═══ ENTRIES SHOWN ═══

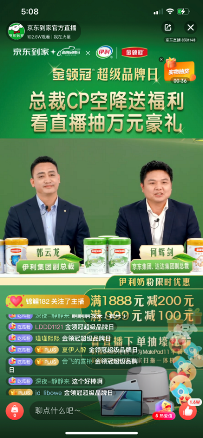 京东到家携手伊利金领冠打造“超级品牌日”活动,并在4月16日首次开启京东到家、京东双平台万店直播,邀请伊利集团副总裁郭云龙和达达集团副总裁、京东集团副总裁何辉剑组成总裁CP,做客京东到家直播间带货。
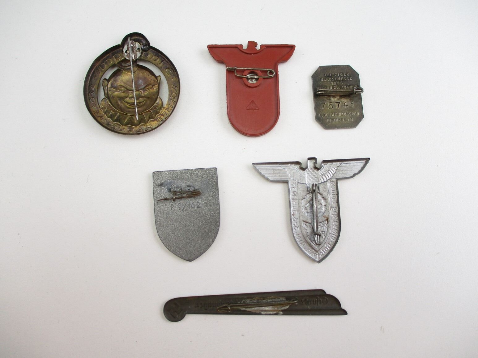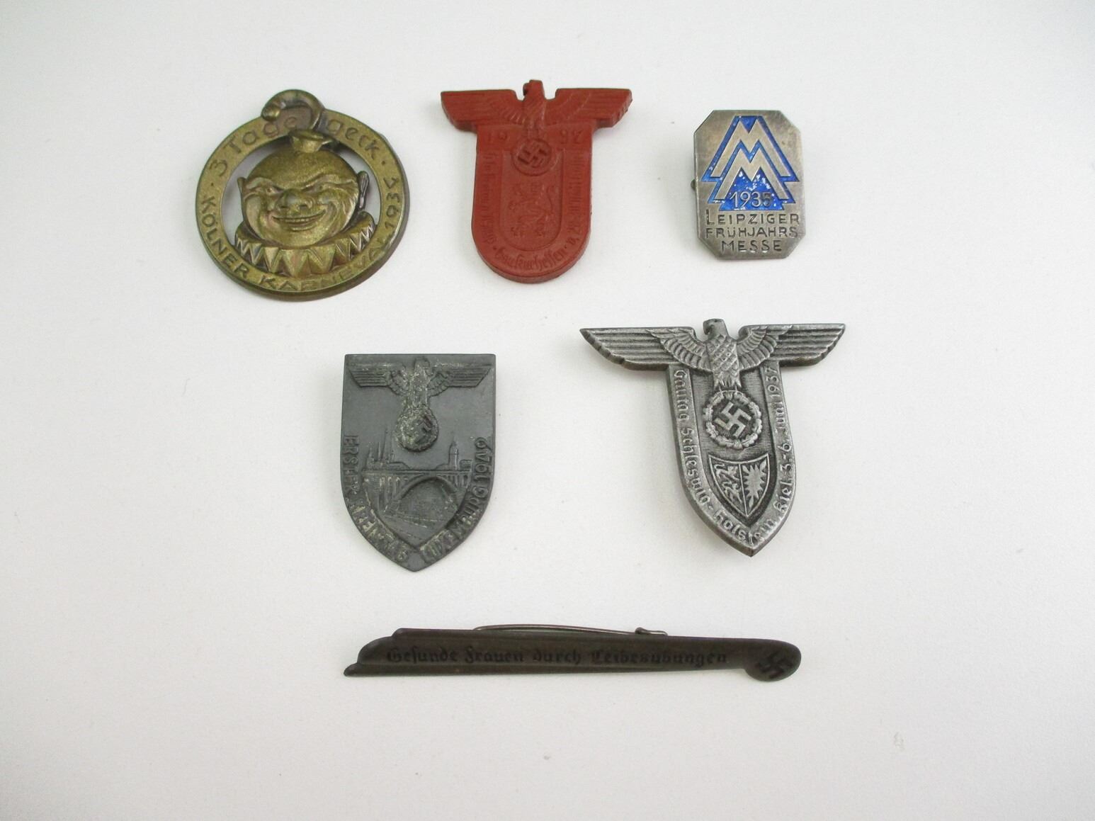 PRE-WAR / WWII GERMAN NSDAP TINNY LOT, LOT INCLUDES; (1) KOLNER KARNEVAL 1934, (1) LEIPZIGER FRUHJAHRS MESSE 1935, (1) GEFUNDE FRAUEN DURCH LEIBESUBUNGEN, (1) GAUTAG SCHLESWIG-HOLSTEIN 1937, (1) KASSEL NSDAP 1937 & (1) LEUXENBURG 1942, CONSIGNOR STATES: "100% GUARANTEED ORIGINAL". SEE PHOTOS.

═══
═══ ENTRIES SHOWN ═══

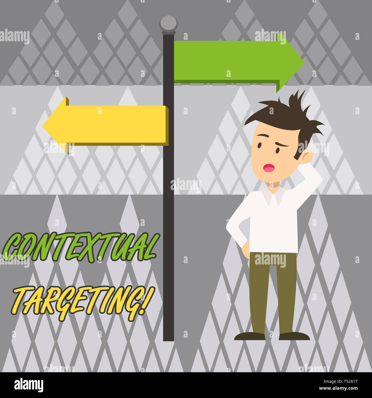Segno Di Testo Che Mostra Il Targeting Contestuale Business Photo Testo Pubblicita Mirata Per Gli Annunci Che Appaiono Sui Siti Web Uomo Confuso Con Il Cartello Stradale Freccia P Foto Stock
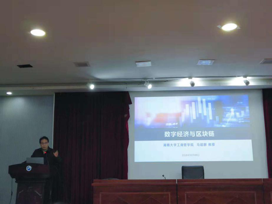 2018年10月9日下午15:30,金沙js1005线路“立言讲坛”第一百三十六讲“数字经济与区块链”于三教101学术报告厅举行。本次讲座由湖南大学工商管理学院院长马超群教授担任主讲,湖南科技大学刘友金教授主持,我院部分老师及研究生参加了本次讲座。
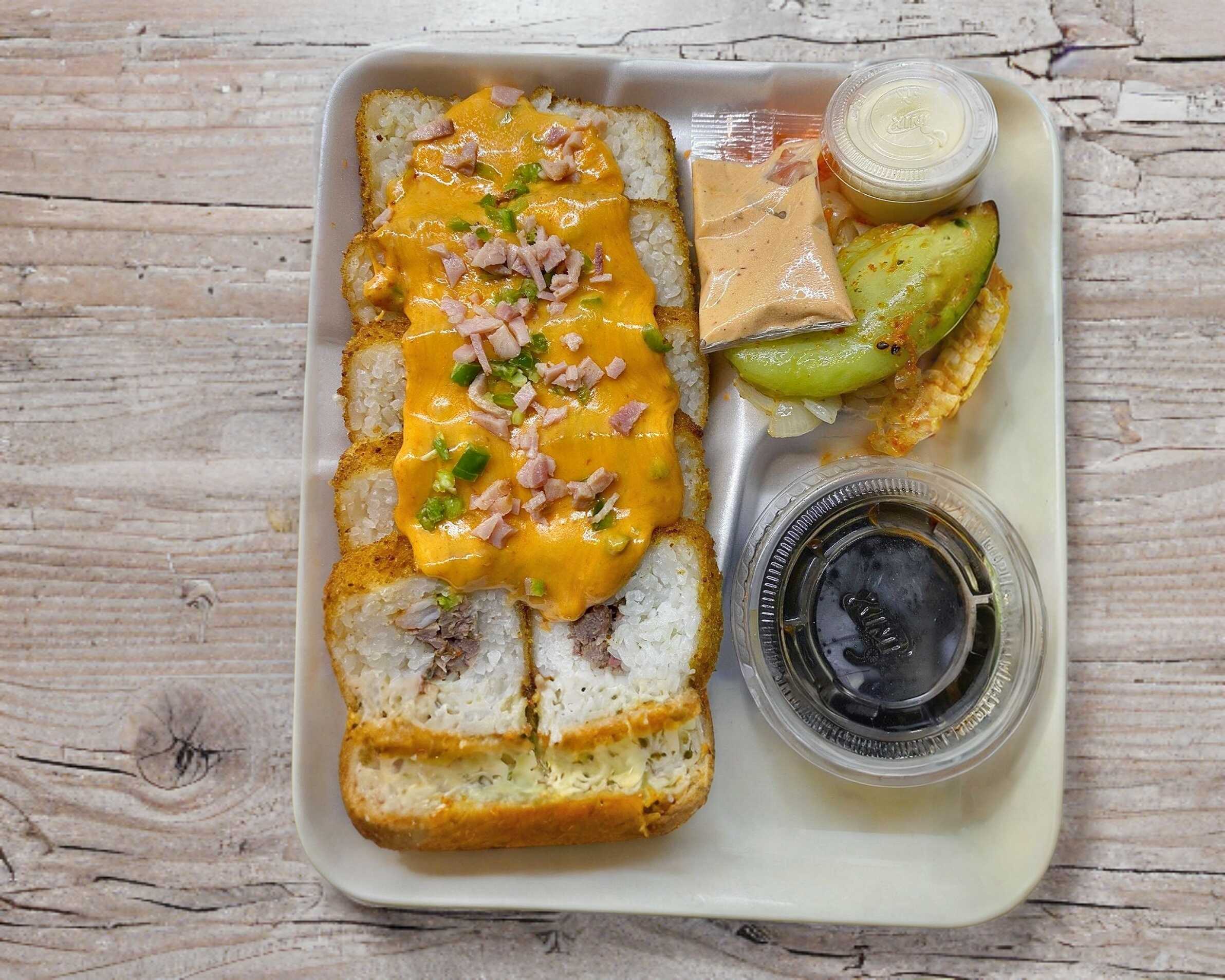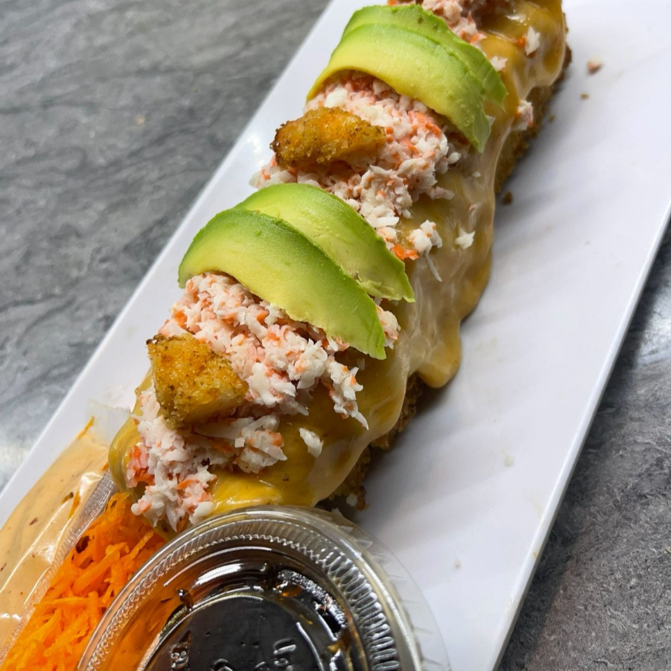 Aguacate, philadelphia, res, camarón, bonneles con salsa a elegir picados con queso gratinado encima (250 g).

═══
═══ ENTRIES SHOWN ═══

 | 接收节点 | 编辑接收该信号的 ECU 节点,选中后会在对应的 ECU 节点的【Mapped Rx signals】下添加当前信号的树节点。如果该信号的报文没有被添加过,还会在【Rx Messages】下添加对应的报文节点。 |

═══

> [WHAT IS NEEDED] Pictures excluded, reproduce only the part above that opens with the line holding "Segno Di Testo" and closes with the line holding "Aguacate, philadelphia, res, camarón, bonneles", exactly as written.

> [RESULT FOR THIS EXERCISE]
Segno Di Testo Che Mostra Il Targeting Contestuale Business Photo Testo Pubblicita Mirata Per Gli Annunci Che Appaiono Sui Siti Web Uomo Confuso Con Il Cartello Stradale Freccia P Foto Stock
 2018年10月9日下午15:30,金沙js1005线路“立言讲坛”第一百三十六讲“数字经济与区块链”于三教101学术报告厅举行。本次讲座由湖南大学工商管理学院院长马超群教授担任主讲,湖南科技大学刘友金教授主持,我院部分老师及研究生参加了本次讲座。
 Aguacate, philadelphia, res, camarón, bonneles con salsa a elegir picados con queso gratinado encima (250 g).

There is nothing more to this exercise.